令和七年七月発行
「心頭滅却…。」
夏日(かじつ)悟空(ごくう)上人の院に題す
三伏(さんぷく)門を閉ざして一衲(いちのう)を披る
兼ねて松竹の房廊(ぼうろう)を蔭(おお)う無し
安禅は必ずしも山水を須いず
心中を滅得すれば火も自ずから涼し
こちらは唐代後期の詩人、杜荀鶴(と・じゅんかく 846〜904)の詩です。「三伏と呼ばれる年間でも最も暑い時節に悟空上人という僧侶がしっかり法衣を身につけ坐禅しています。しかもそこには日差しを遮り涼しさをもたらす松や竹もありません。しかし坐禅による安心(あんじん)は必ずしも心地良い山や渓水を要するものでは無いのです。心中の雑念を消し去れば火中にあっても心は涼やかなものです。」という意味。

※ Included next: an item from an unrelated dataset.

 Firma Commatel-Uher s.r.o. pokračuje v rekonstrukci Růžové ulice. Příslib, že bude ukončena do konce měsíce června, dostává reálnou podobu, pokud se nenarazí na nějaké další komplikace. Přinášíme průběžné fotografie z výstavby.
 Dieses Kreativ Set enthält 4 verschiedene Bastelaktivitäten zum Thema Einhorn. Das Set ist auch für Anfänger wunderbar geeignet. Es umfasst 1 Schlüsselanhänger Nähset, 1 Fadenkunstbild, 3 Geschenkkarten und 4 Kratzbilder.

碧巌集という禅の本には「安禅は必ずしも山水を須いず 心頭を滅却すれば火も自ずから涼し」とあります。滅得が滅却となっていますが、同じ意味と考えて良さそうです。
日本では甲斐恵林寺の僧侶が織田信長公の軍勢により楼門上層階たれたに押し込められ火を放際に、快川紹喜禅師が「心頭滅却云々」と言い放ち担然として死を迎えたことが知られています。

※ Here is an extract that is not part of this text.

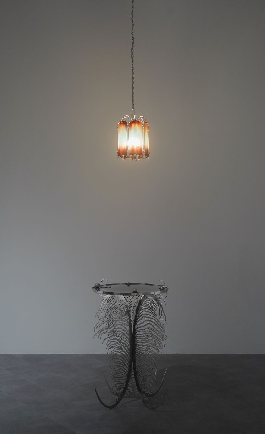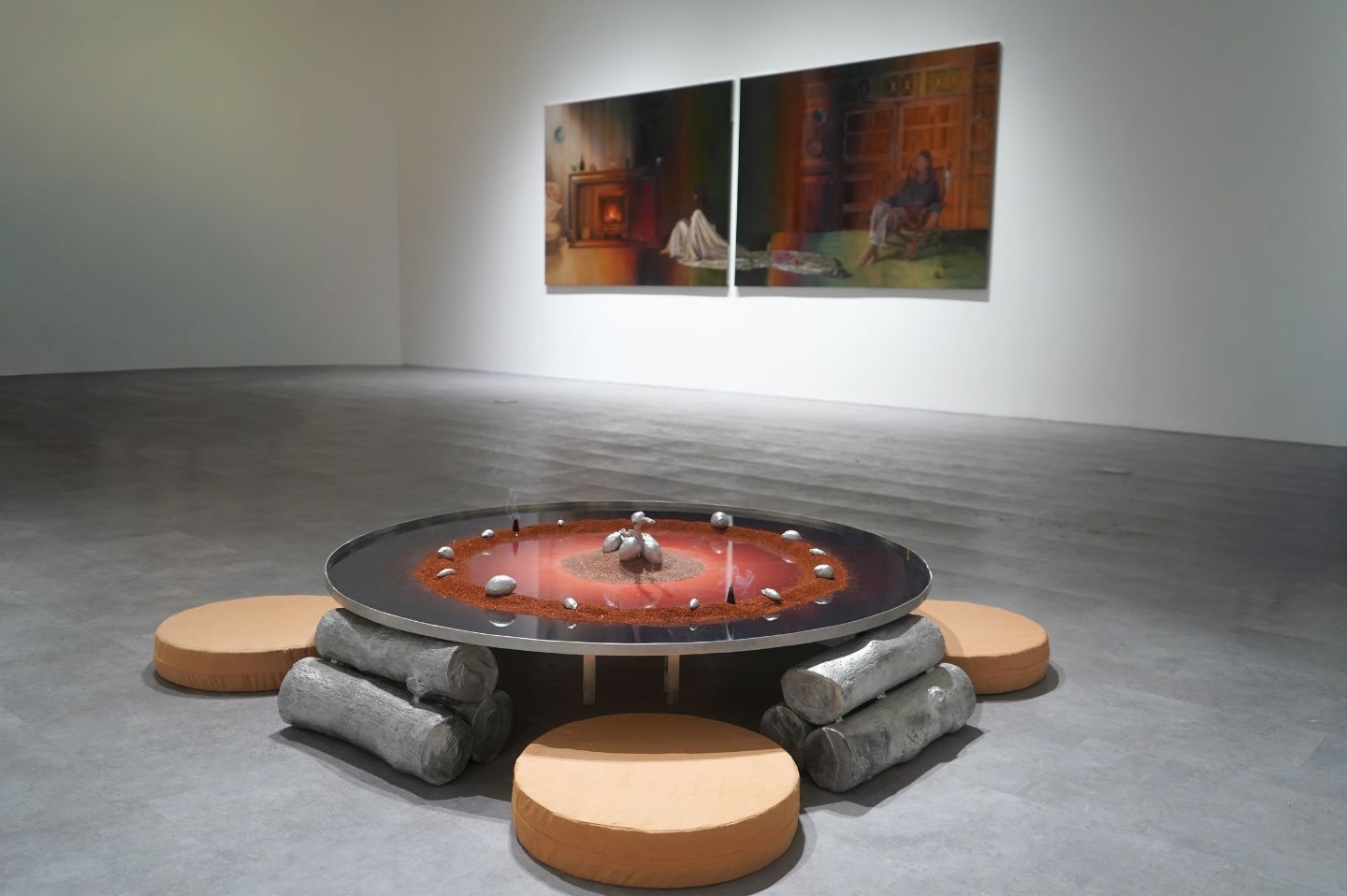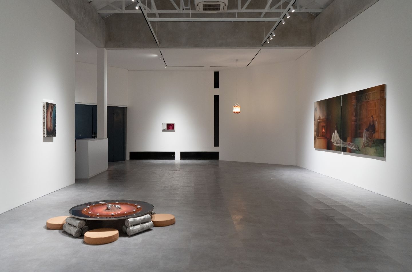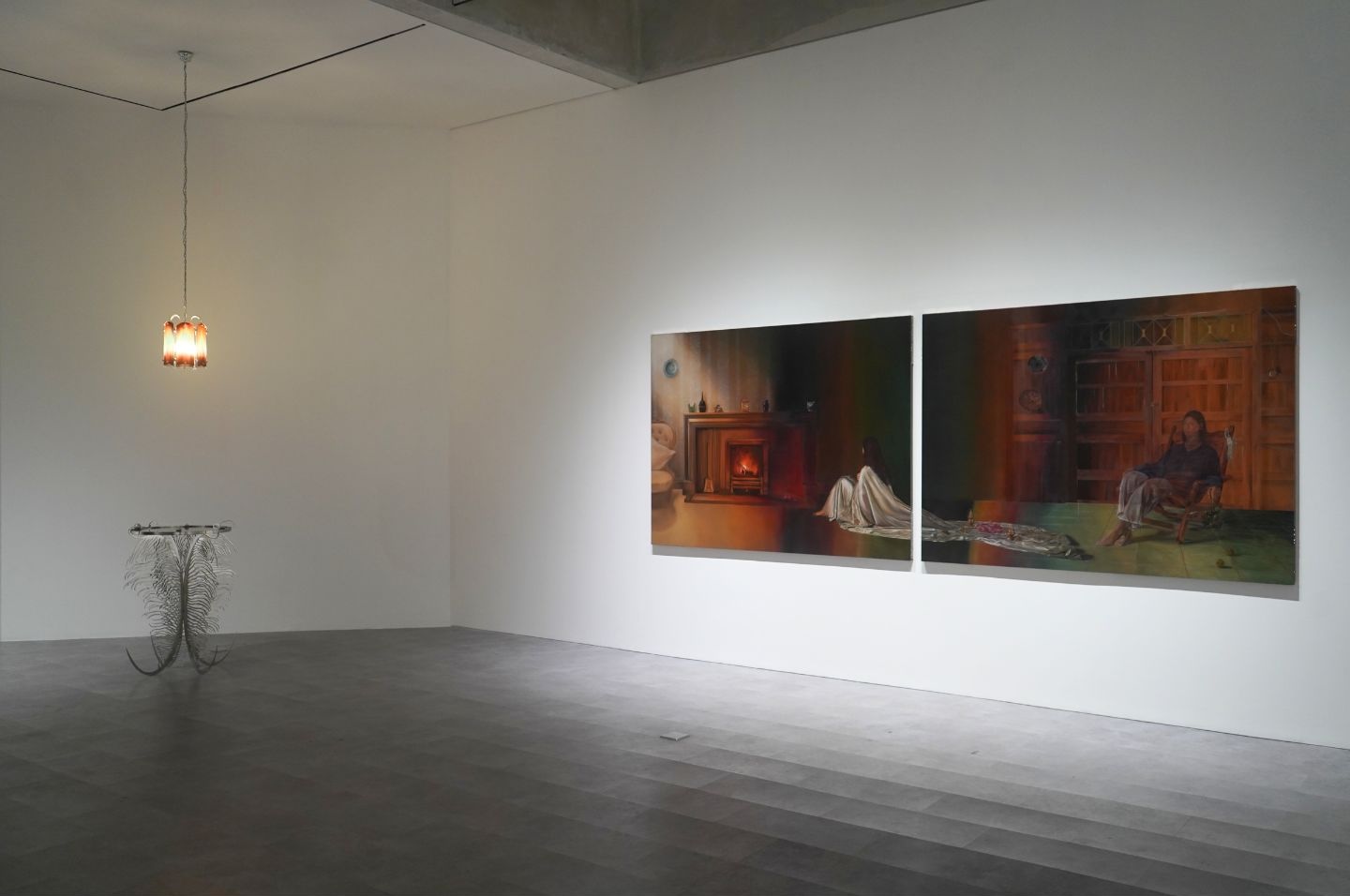 Under industrial lighting, the exhibition is experienced through the light of fire—a non-neutral, unstable illumination that never evenly reveals everything. Fire emits warmth and often signifies renewal, yet it also carries the potential for immense destruction, an elemental force that oscillates between care and annihilation, between life and death, between birth and decay. Across her works, shadows lurk in its flicker and enigma.

暑さ寒さにも心を動ぜず!まさに世の中の人が抱く禅のイメージはこれですね!しかし「寒暑(かんじょ)に応じて着衣喫飯(じゃくえきっぱん)す」という大切な教えもあるのです。暑さ寒さに応じて生活しなさいという意味ですね。
思うに中国や日本は四季に恵まれ、世界的に見れば穏やかな気候と言える地域です。ここで育まれた禅という仏教は過酷な自然を知りません。砂漠地帯や氷土のような寒冷地では「心頭滅却」して寒暑に立ち向かえば、たちまち命を喪ってしまいます。上記の漢詩などはまさに温順な気候の中から生れたものと言えるでしょう。